Role of potassium and calcium channels in sevoflurane-mediated vasodilation in the foeto-placental circulation

Affiliations

Role of potassium and calcium channels in sevoflurane-mediated vasodilation in the foeto-placental circulation

James Jarman et al. BMC Anesthesiol. .

Abstract

Background: Sevoflurane has been demonstrated to vasodilate the foeto-placental vasculature. We aimed to determine the contribution of modulation of potassium and calcium channel function to the vasodilatory effect of sevoflurane in isolated human chorionic plate arterial rings.
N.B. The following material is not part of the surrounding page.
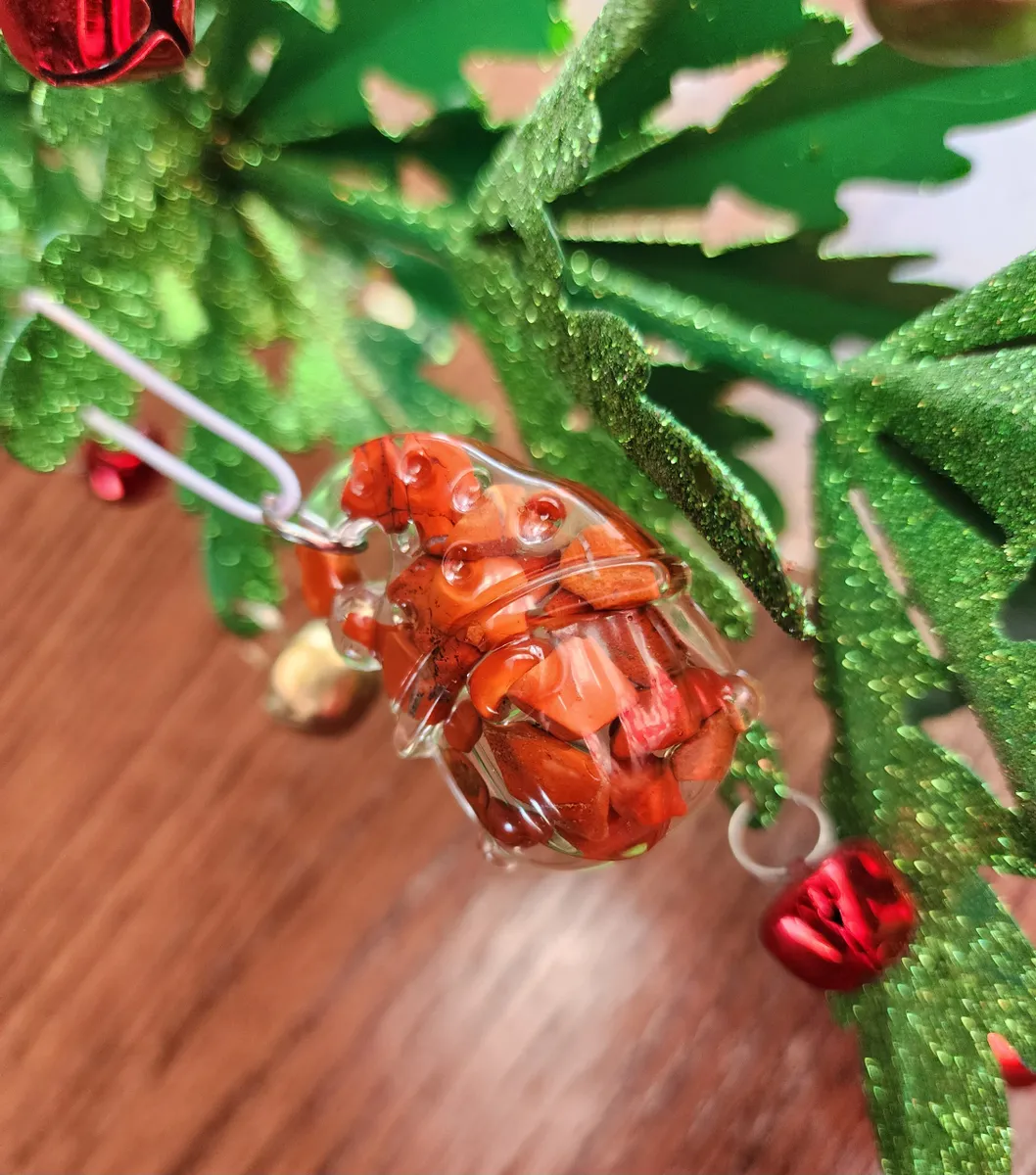 Introducing our charming Red Jasper Gnome Ornament, the perfect whimsical addition to your holiday decor! Crafted with care and attention to detail, this delightful little gnome will bring a touch of enchantment to any setting. With Red Jasper inside, he is ready to sprinkle joy and laughter wherever he goes.

Methods: Quadruplicate ex vivo human chorionic plate arterial rings were used in all studies. Series 1 and 2 examined the role of the K+ channel in sevoflurane-mediated vasodilation. Separate experiments examined whether tetraethylammonium, which blocks large conductance calcium activated K+ (KCa++) channels (Series 1A+B) or glibenclamide, which blocks the ATP sensitive K+ (KATP) channel (Series 2), modulated sevoflurane-mediated vasodilation. Series 3 - 5 examined the role of the Ca++ channel in sevoflurane induced vasodilation. Separate experiments examined whether verapamil, which blocks the sarcolemmal voltage-operated Ca++ channel (Series 3), SK&F 96365 an inhibitor of sarcolemmal voltage-independent Ca++ channels (Series 4A+B), or ryanodine an inhibitor of the sarcoplasmic reticulum Ca++ channel (Series 5A+B), modulated sevoflurane-mediated vasodilation.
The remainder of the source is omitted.